Ah you live where that you get 5.1 cent/KWh at any time of day? Reykjavík on a geothermal plant/volcano? That's certainly not the norm.I have. I have time of day charging and average 5.1 cents/KWh if I only charge between 10PM and 6AM at home (that's like getting gas at ~$0.60/gallon based off my average 3 mi/KWh). Only scheduled maintenance is at 150k and 200k miles for my Mach-E. I am now 100% work from home and that won't change unless I get a different job so I only drive about 5k miles a year now so I won't even make it to 150k miles before I get rid of it. The only thing I will ever have to replace is tires (not even breaks as I almost never touch them due to 1-pedal driving). So after tax, title, license, electrical outlet install and all tax breaks, my Mach-E (4WD Select) will be ~$44k (I got a 0% 36-month loan). Only about $800/year to insure too.

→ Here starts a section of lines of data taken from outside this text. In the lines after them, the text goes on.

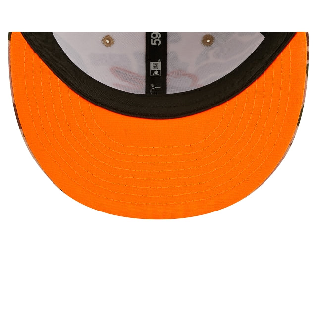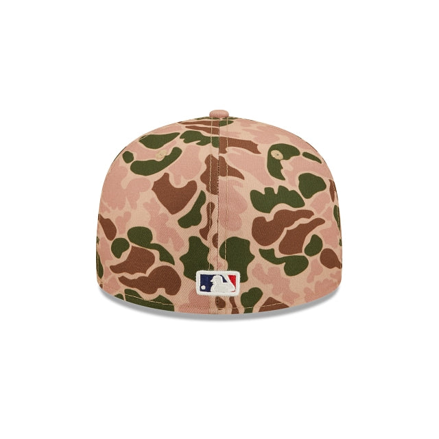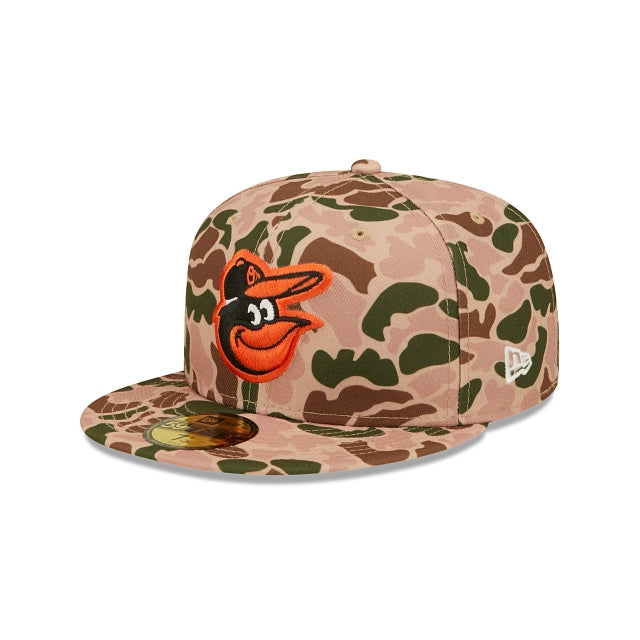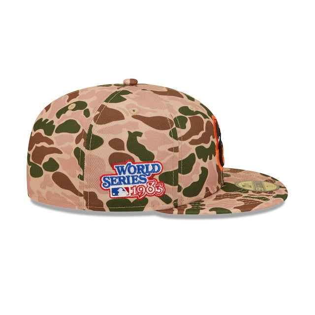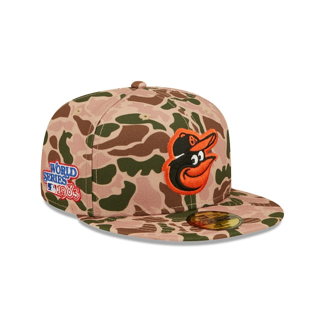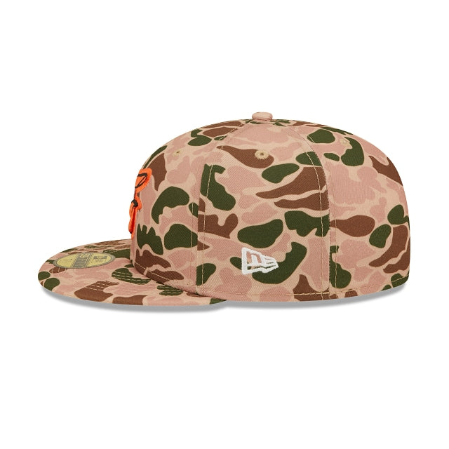 Esta gorra New Era 59FIFTY de Baltimore Orioles MLB Duck Camo presenta una confección de camuflaje de pato con el logotipo de los Orioles bordado en los paneles frontales, un parche lateral de World Series bordado en el lado derecho y el logotipo de MLB Batterman en la parte trasera. Los detalles adicionales incluyen el undervisor rosa. Cómprala ya.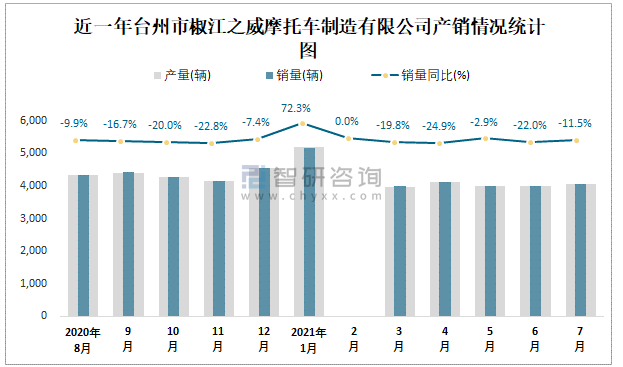 近一年臺州市椒江之威摩托車制造有限公司產銷情況統計圖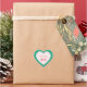 Cute emerald green polka dot pattern stickers with a heart shaped patch stitched in pink and embellished with a pretty in pink bow. Personalise by adding your name to this trendy colour trend pattern Perfect for the stylish teen girl! Flat printed image, not actual bow.
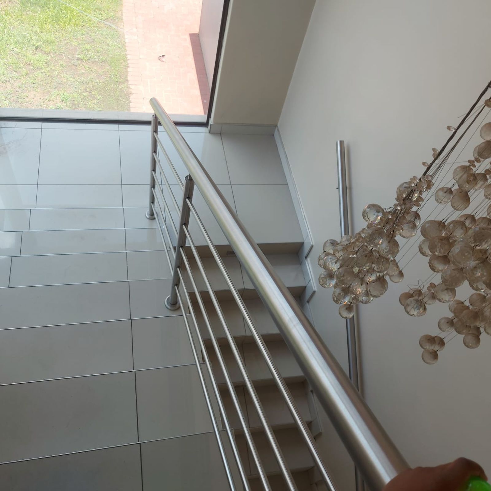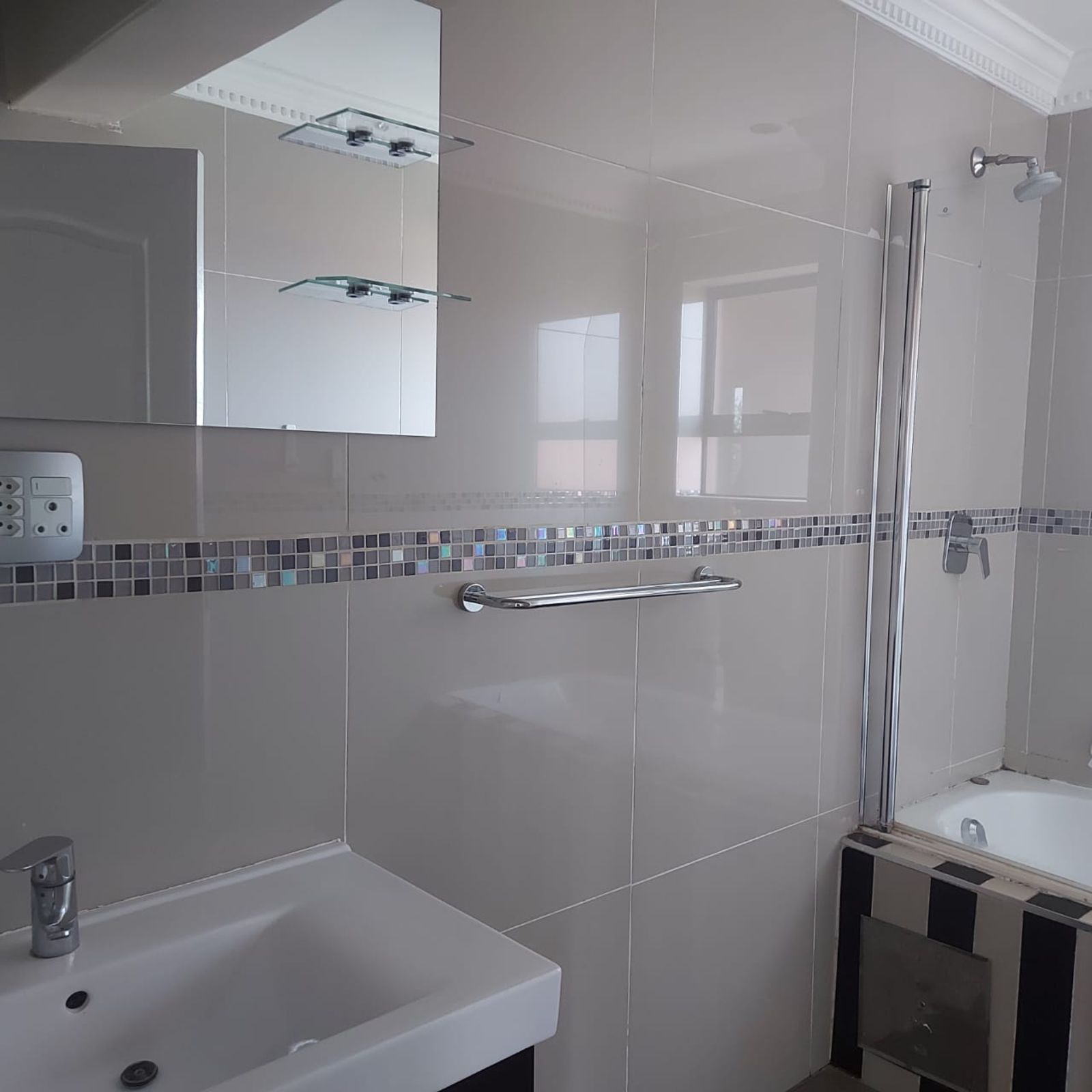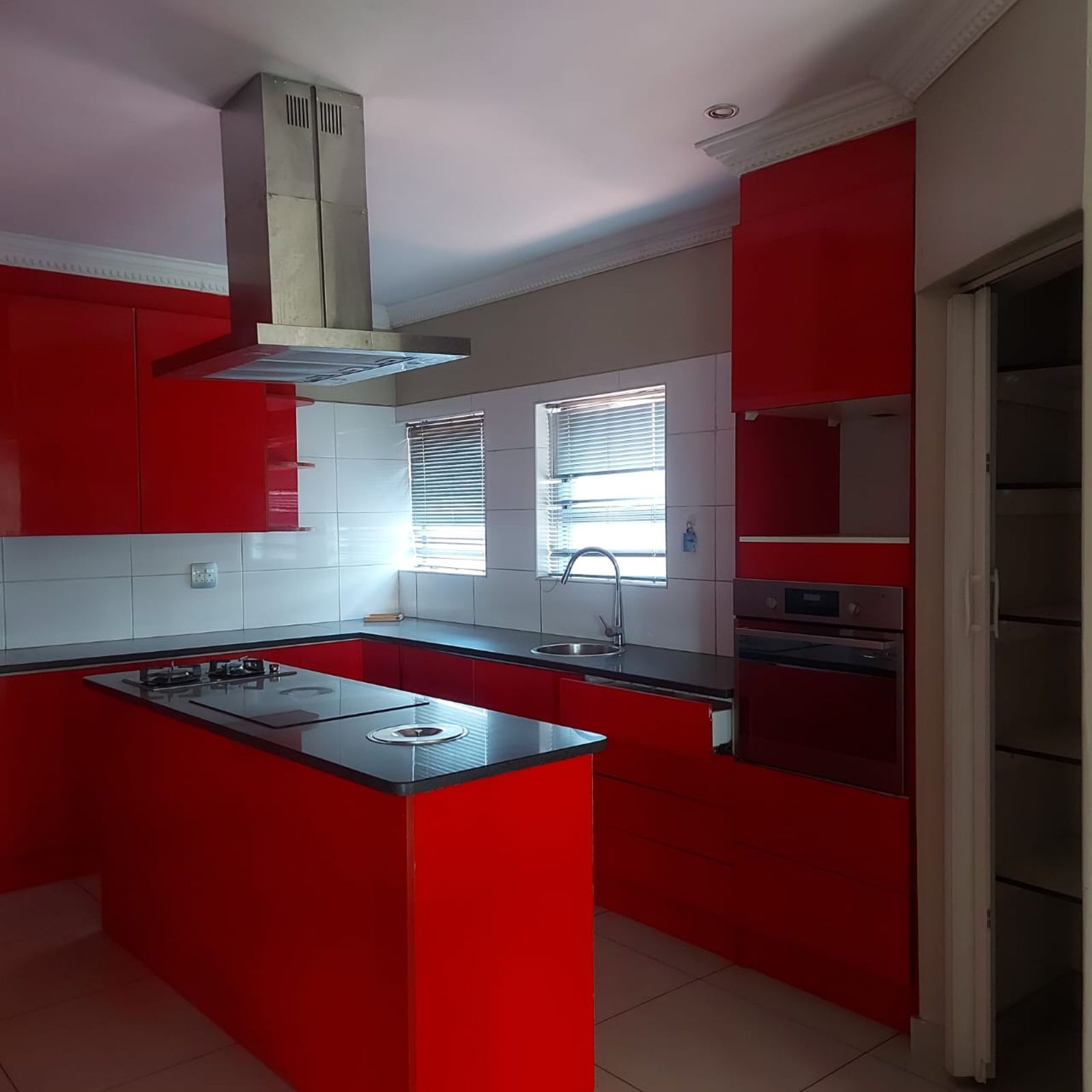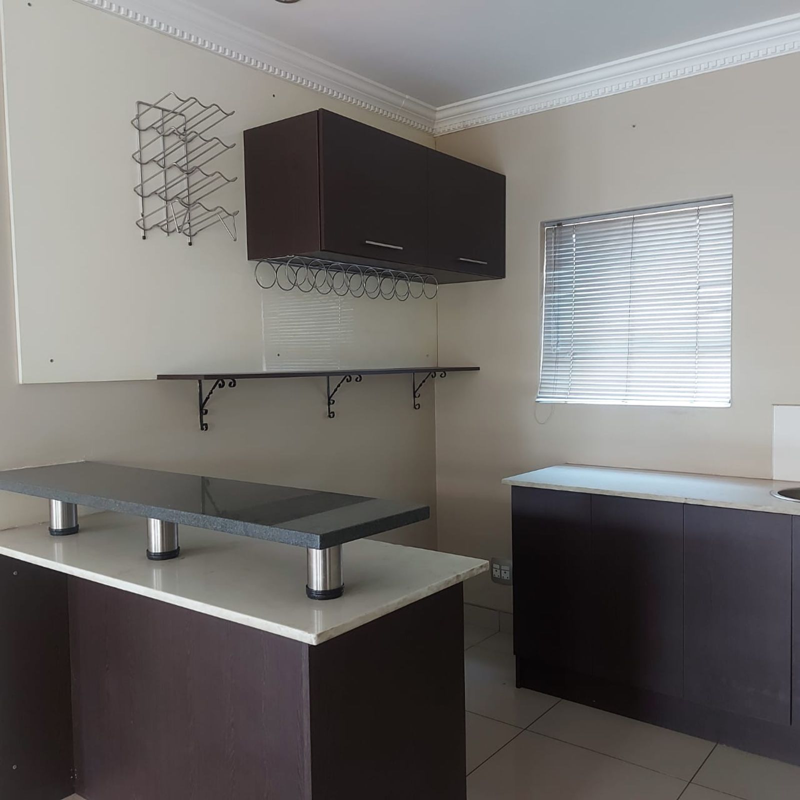 The modern kitchen is equipped with a pantry, eye-level oven, microwave, and a separate scullery. A dedicated bar area adds to the home’s entertainment appeal. The ground floor also offers a guest bedroom with an en-suite bathroom.

I'm not seeing a comparison to a gas car. If you are only driving 5k/year, you would hardly be paying anything in gas to justify the price increase for an electric car. Since your electrical is less than half the normal rate of the lowest state in the nation, I am going to assume your gas price is as well! So figure a 25 MPG gas car would use $328 / year or $3300 in 10 years. You didn't say when you would get rid of it, but 10 years seems like a reasonable number. Hope you never have to replace the battery! Can you find a gas car with a power to weight ratio of > 0.0605 (266hp @ 4400lbs) for less than $40,700? Easily. That's excluding electricity costs. Even double that and you are still paying more for the EV.
Also, sure - count the $7,500 federal tax credit. It helps your personal situation. However, it's still coming out of everyone's paycheck. EVs even more unaffordable, once you take away the tax theft.